Quantum Non-demolition Detection of Single Microwave Photons in a Circuit

TL;DR

This paper demonstrates a quantum non-demolition (QND) detection scheme for microwave photons in superconducting circuits, enabling repeated, non-destructive photon number measurements with high selectivity, crucial for quantum information processing.

Contribution

It introduces a novel QND detector that maps photon number onto a qubit state using single-shot measurements, achieving 90% QND fidelity and high photon number selectivity.

Findings

Achieves 90% QND measurement fidelity.

Demonstrates selective sensitivity to specific photon number states.
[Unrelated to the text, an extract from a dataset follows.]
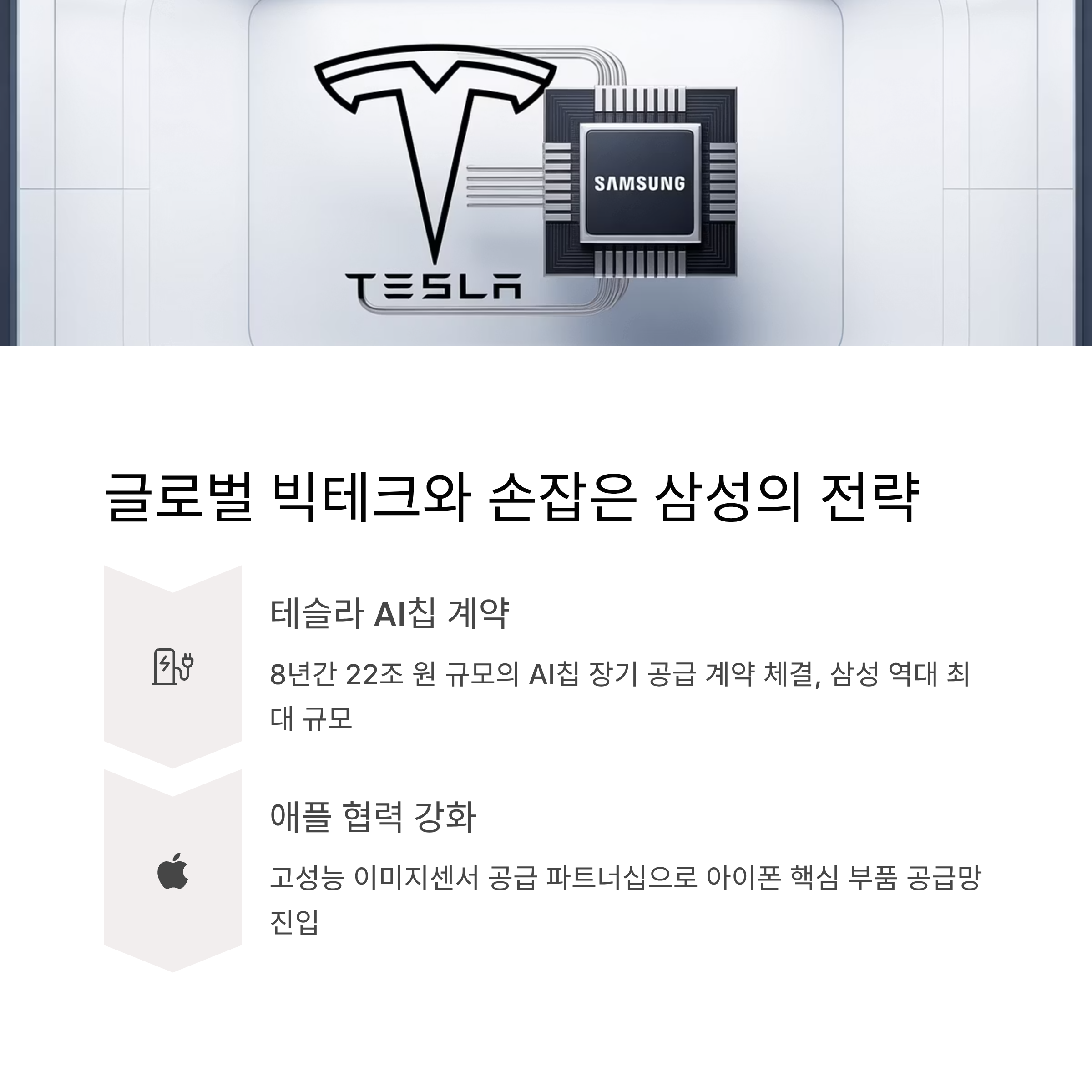 삼성은 최근 테슬라와 약 165억 달러 규모의 AI 칩 계약을 체결했습니다. 이 칩은 테슬라의 자율주행 차량과 AI 인프라에 필수적으로 사용될 예정입니다. 특히, 삼성의 텍사스 공장에서 해당 AI 칩을 생산하게 되며, 이는 글로벌 전기차 및 AI 시장에서 삼성이 입지를 확대하는 계기가 됩니다.

Enables monitoring of photon-based quantum memories.

Abstract

Thorough control of quantum measurement is key to the development of quantum information technologies. Many measurements are destructive, removing more information from the system than they obtain. Quantum non-demolition (QND) measurements allow repeated measurements that give the same eigenvalue. They could be used for several quantum information processing tasks such as error correction, preparation by measurement, and one-way quantum computing. Achieving QND measurements of photons is especially challenging because the detector must be completely transparent to the photons while still acquiring information about them. Recent progress in manipulating microwave photons in superconducting circuits has increased demand for a QND detector which operates in the gigahertz frequency range. Here we demonstrate a QND detection scheme which measures the number of photons inside a high quality-factor microwave cavity on a chip. This scheme maps a photon number onto a qubit state in a single-shot via qubit-photon logic gates. We verify the operation of the device by analyzing the average correlations of repeated measurements, and show that it is 90% QND. It differs from previously reported detectors because its sensitivity is strongly selective to chosen photon number states. This scheme could be used to monitor the state of a photon-based memory in a quantum computer.